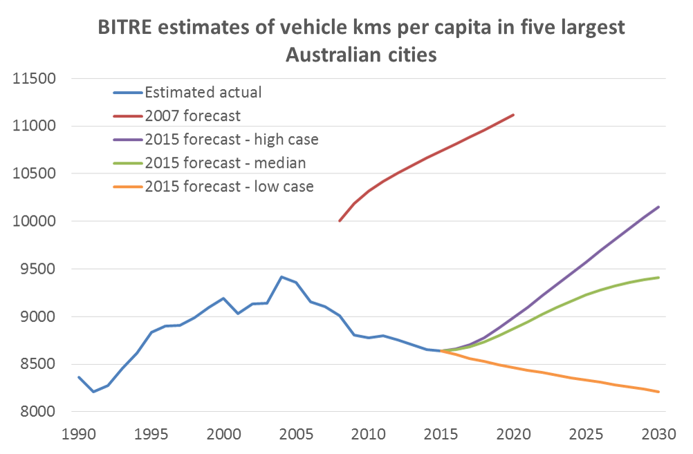 Car and transit use per capita in Australian cities (Peak Car) » BITRE vkms per capita estimates
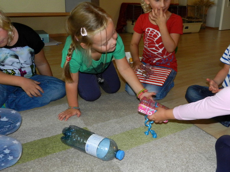 - Geschenke überreichen (hier ist immer das Kind an der Reihe, auf welches die Falsche beim Drehen zeigt) und gemeinsames Auspacken und Ausprobieren
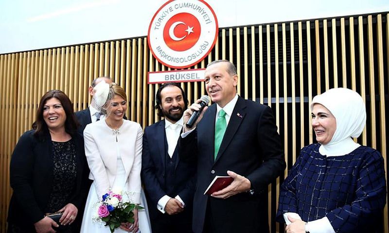 Erdoğan, Türkiye'nin Brüksel Büyükelçiliğinin yenilenen kançılarya binasının açılışı öncesi büyükelçilik binasındaki nikah merasimine katılarak Kanal Avrupa Genel Koordinatörü Seran Sargur ile iç mimar Eda Altunalev'ın nikahında şahitlik yaptı.
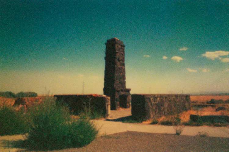Manzanar guard shack and plaque, 1990
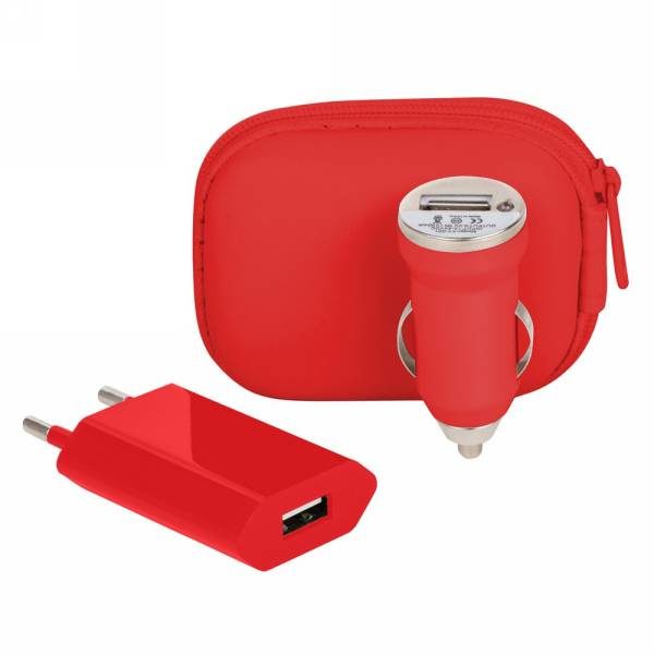 Podręczny zestaw w etui, adapter sieciowy (wejście 100-240V, 50/60HZ ±0.3A, wyjście 5V/1A) i ładowarka samochodowa 1000 mA (wejście 12-24V, wyjście 5V/1A)
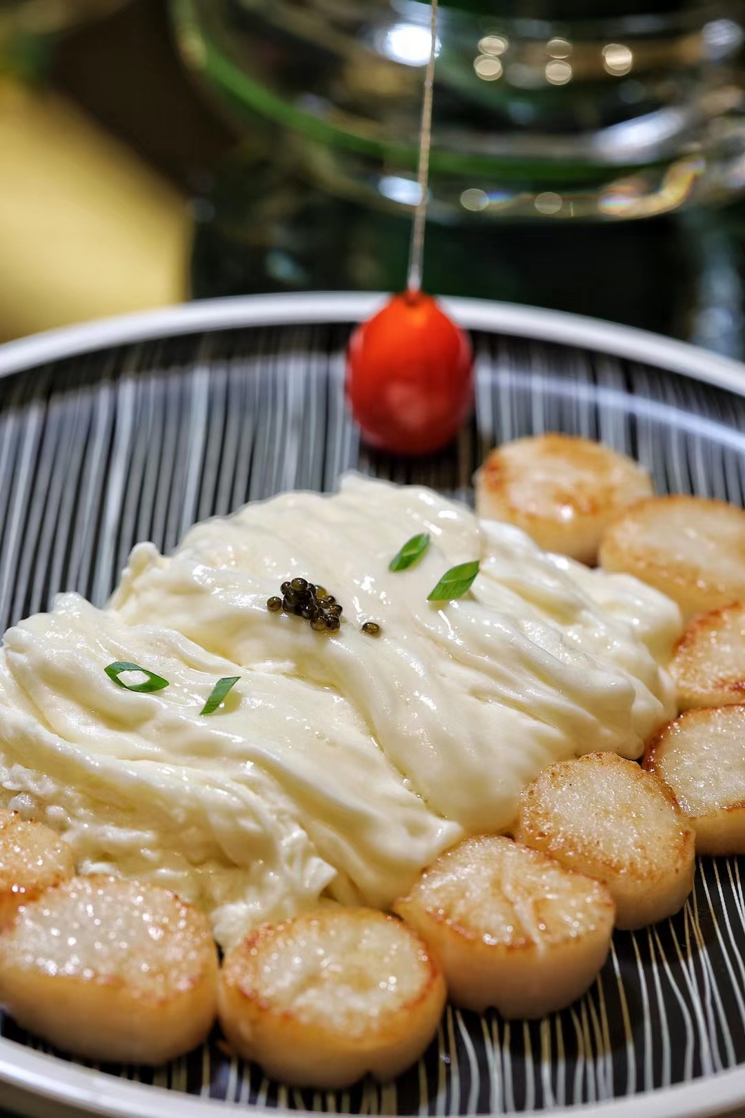 厨师的绝佳功夫,从一道“鱼子酱玉带炒蛋白”中可窥见一斑。这道菜十分讲究火候的掌控和考验师傅的功夫。蛋白混入鲜奶,加入带子粒细火慢炒,一层一层慢炒叠加,炒出一丝丝的层次,炒出来的蛋白比豆腐还要嫩滑。煎至两面焦黄的新鲜带子,搭配蛋白一起品尝,鲜、滑、嫩的口感在舌尖蔓延。
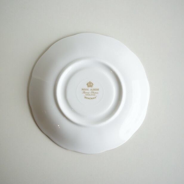 ロイヤルアルバートのボーンチャイナ特有の滑らかな質感と、持ち手や縁の豊かな金彩が、ティータイムを華やかに演出します。「ブレーマー」シリーズは1940年代から1960年代頃に製造されたヴィンテージ品になります。
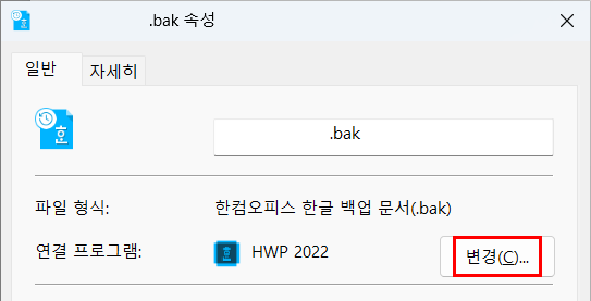연결 프로그램의 변경 버튼을 누릅니다.
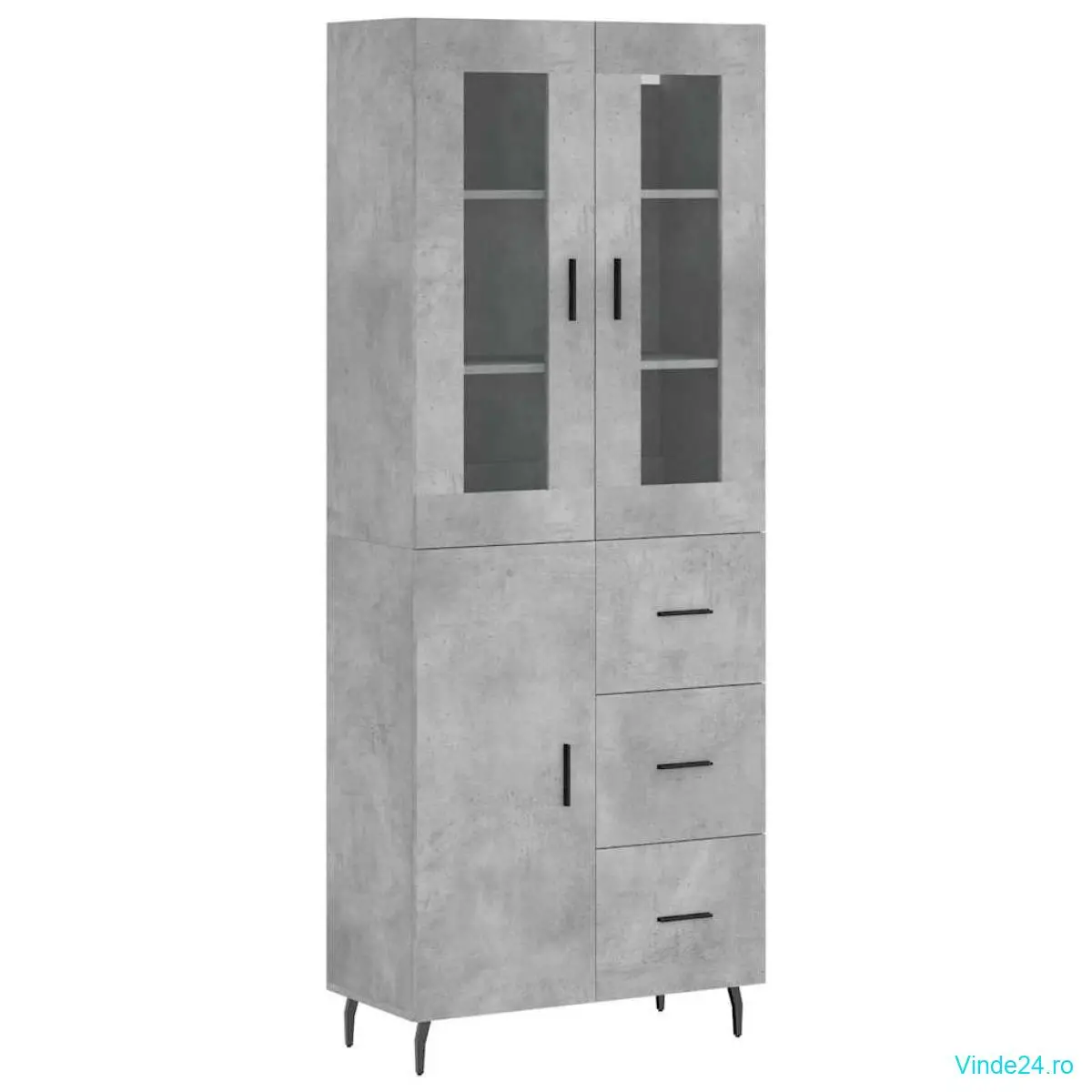 vidaXL Dulap înalt, gri beton, 69,5x34x180, lemn compozit
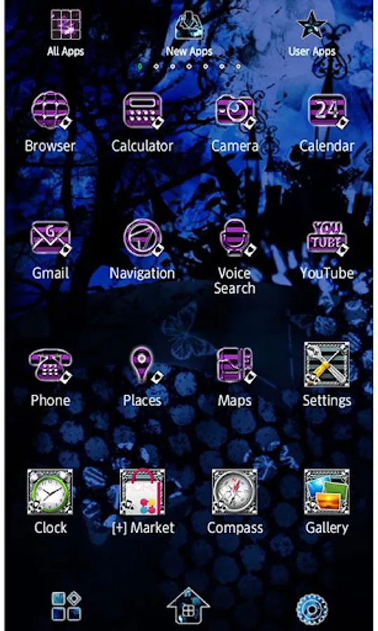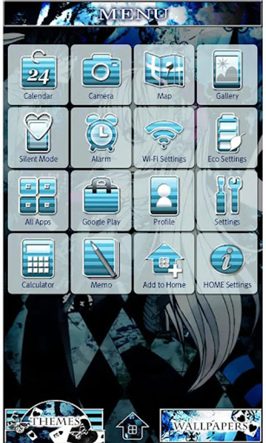 The wallpaper and icons are bursting with gothic romance.

________________________

- [The problem]
Output must match the lines from the start of the records above through the line that contains "Podręczny zestaw w", exactly and with every picture removed.

- [Output for this exercise]
 Car and transit use per capita in Australian cities (Peak Car) » BITRE vkms per capita estimates
 - Geschenke überreichen (hier ist immer das Kind an der Reihe, auf welches die Falsche beim Drehen zeigt) und gemeinsames Auspacken und Ausprobieren
 Erdoğan, Türkiye'nin Brüksel Büyükelçiliğinin yenilenen kançılarya binasının açılışı öncesi büyükelçilik binasındaki nikah merasimine katılarak Kanal Avrupa Genel Koordinatörü Seran Sargur ile iç mimar Eda Altunalev'ın nikahında şahitlik yaptı.
Manzanar guard shack and plaque, 1990
 Podręczny zestaw w etui, adapter sieciowy (wejście 100-240V, 50/60HZ ±0.3A, wyjście 5V/1A) i ładowarka samochodowa 1000 mA (wejście 12-24V, wyjście 5V/1A)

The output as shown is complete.